Give back the entries exactly as they read, leaving each image out.
------ Available data ------
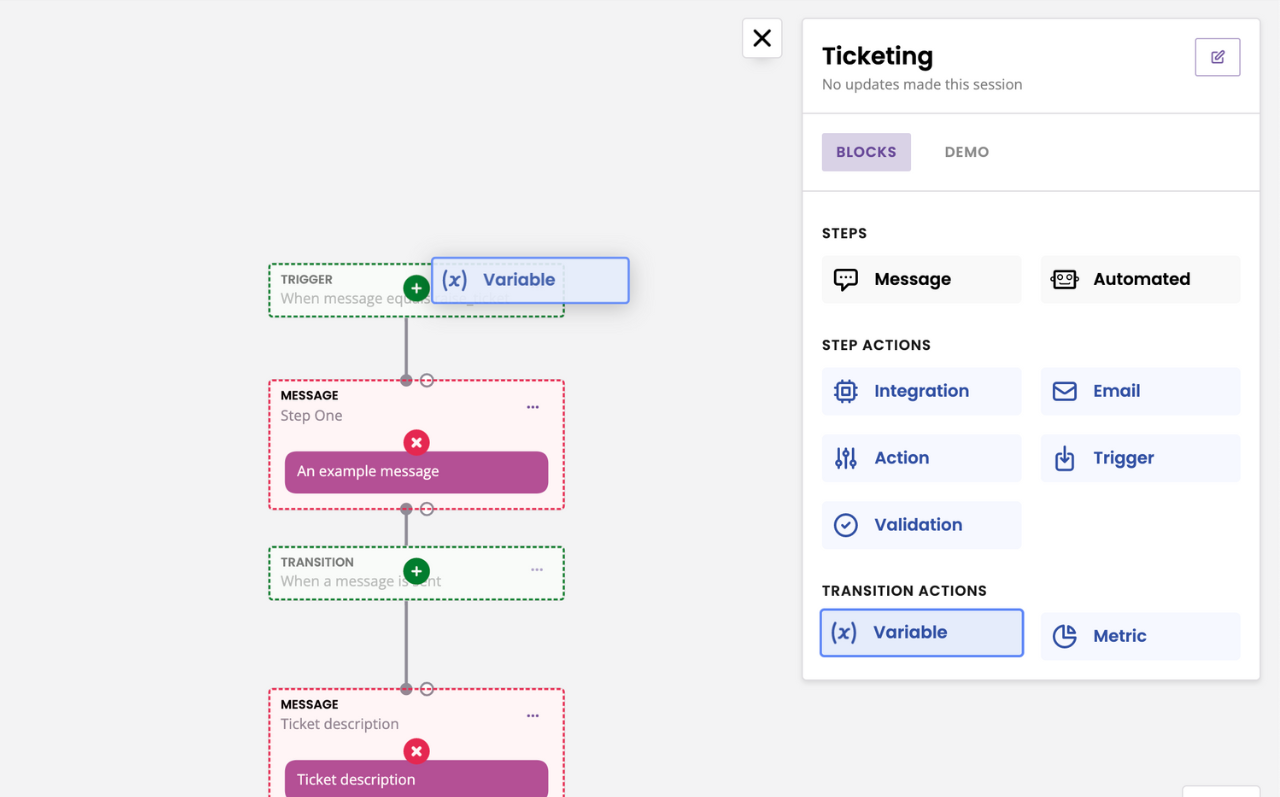 visible element information on the canvas such as variable name, integration name, action description, and more.
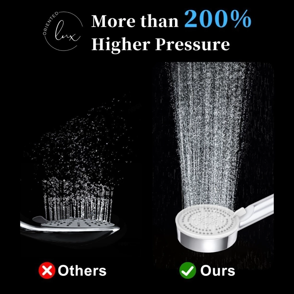 2. Potente presión de agua: El cabezal de ducha proporciona un flujo de agua a alta presión y una mejor experiencia de ducha, incluso en áreas con baja presión de agua, lo que es perfecto para edificios de gran altura.
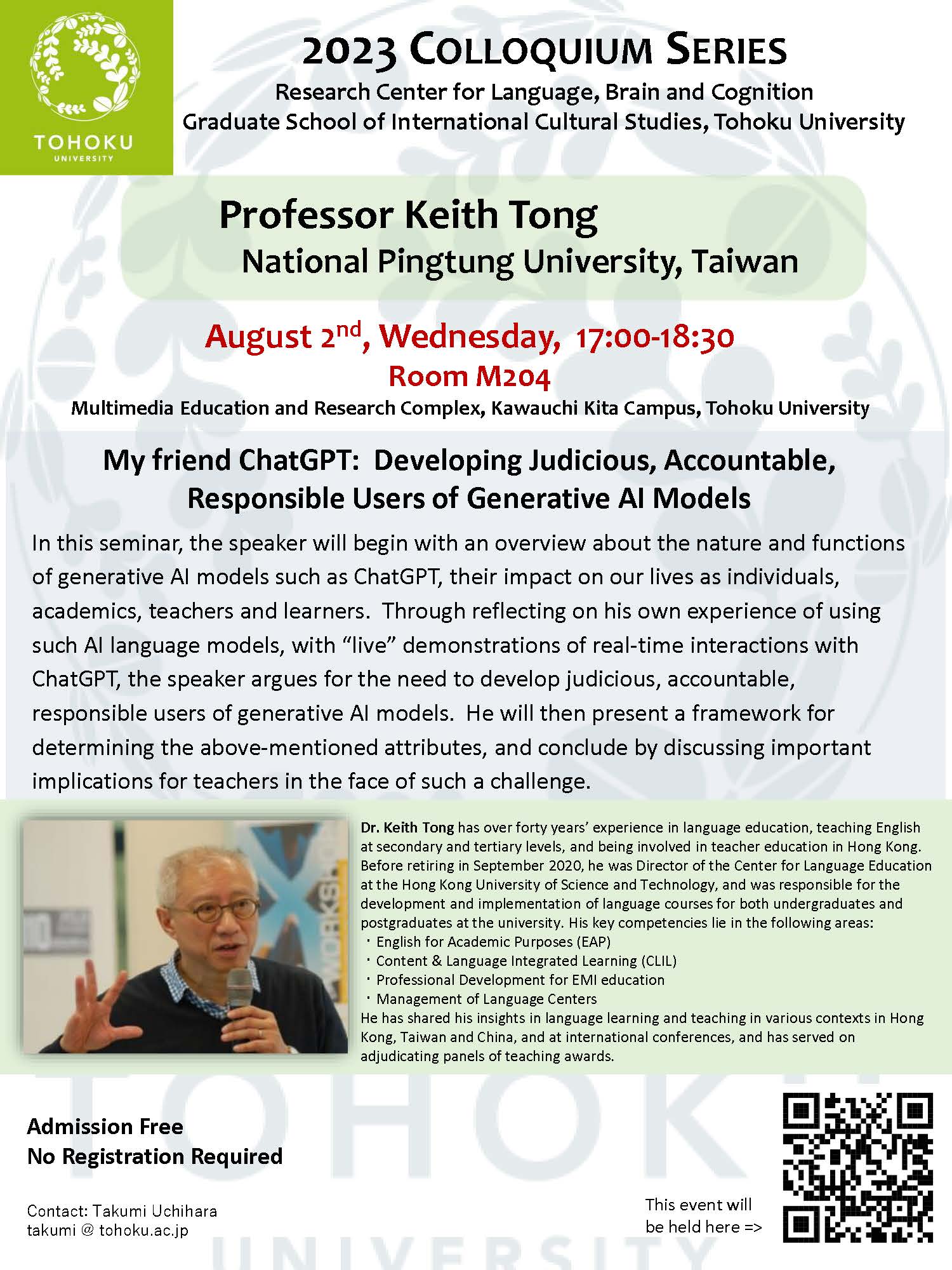 言語教育分野における最新の研究情報の理解、研究者間の国際交流、大学院生への教育という三つの学術的目的の達成のために、2023 Special Lecture Series を以下のように開催します。
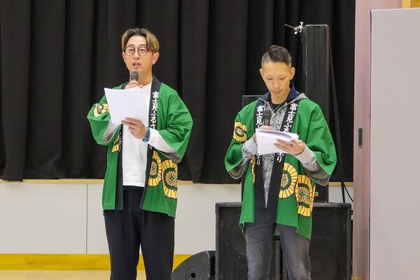 ステージイベントで司会を務めた(左から)富士見市PR大使の今成亮太さん、商工会青年部の坂口和寛さん
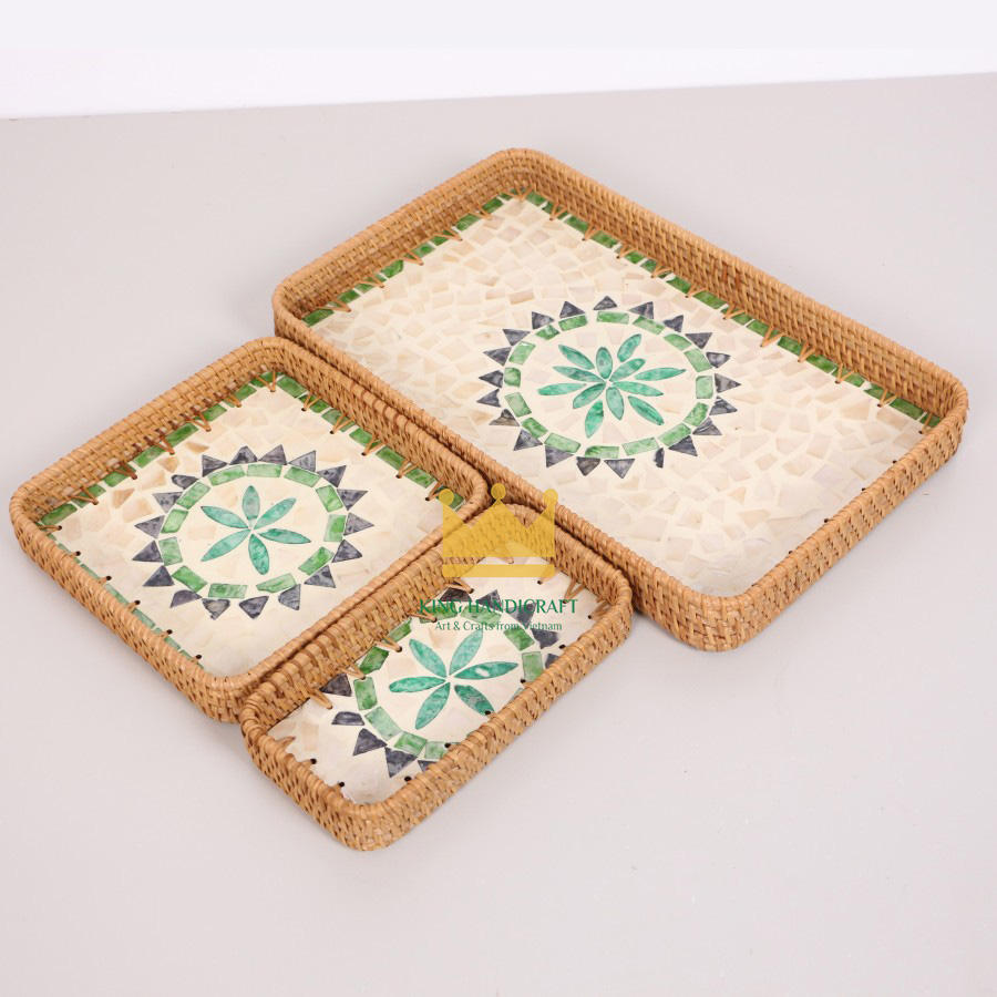 โต๊ะกาแฟทำมือถาดเสิร์ฟพร้อมถาดหวายสไตล์โบฮีเมียนสำหรับตกแต่งห้องครัวห้องนั่งเล่น
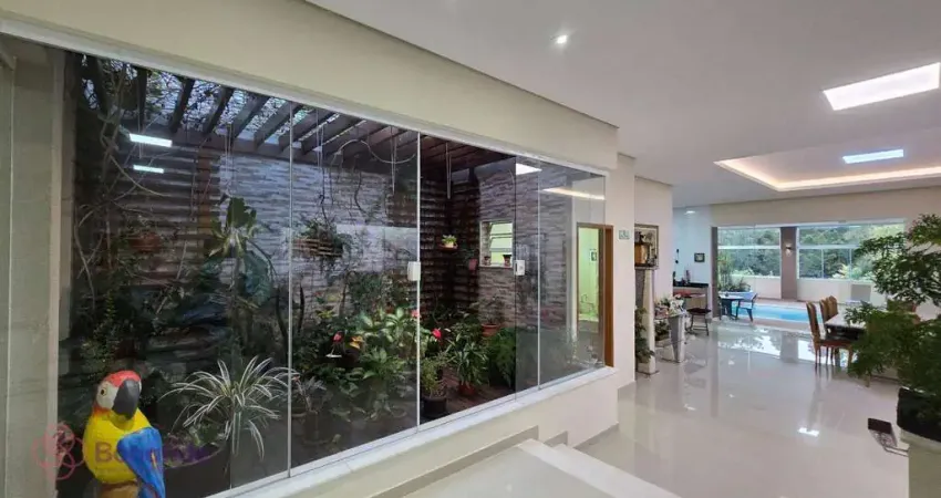 Piscina aquecida e coberta, jardim interno, banheiro, academia com ar condicionado, lavanderia com armários, quarto de empregada, canil, porão, pomar com arvores frutíferas e um poço, jardim lateral, portão eletrônico com câmeras, 3 caixas d água com pressurizador, aquecedor solar na casa e piscina.
------
- Answer for this exercise
 visible element information on the canvas such as variable name, integration name, action description, and more.
 2. Potente presión de agua: El cabezal de ducha proporciona un flujo de agua a alta presión y una mejor experiencia de ducha, incluso en áreas con baja presión de agua, lo que es perfecto para edificios de gran altura.
 言語教育分野における最新の研究情報の理解、研究者間の国際交流、大学院生への教育という三つの学術的目的の達成のために、2023 Special Lecture Series を以下のように開催します。
 ステージイベントで司会を務めた(左から)富士見市PR大使の今成亮太さん、商工会青年部の坂口和寛さん
 โต๊ะกาแฟทำมือถาดเสิร์ฟพร้อมถาดหวายสไตล์โบฮีเมียนสำหรับตกแต่งห้องครัวห้องนั่งเล่น
 Piscina aquecida e coberta, jardim interno, banheiro, academia com ar condicionado, lavanderia com armários, quarto de empregada, canil, porão, pomar com arvores frutíferas e um poço, jardim lateral, portão eletrônico com câmeras, 3 caixas d água com pressurizador, aquecedor solar na casa e piscina.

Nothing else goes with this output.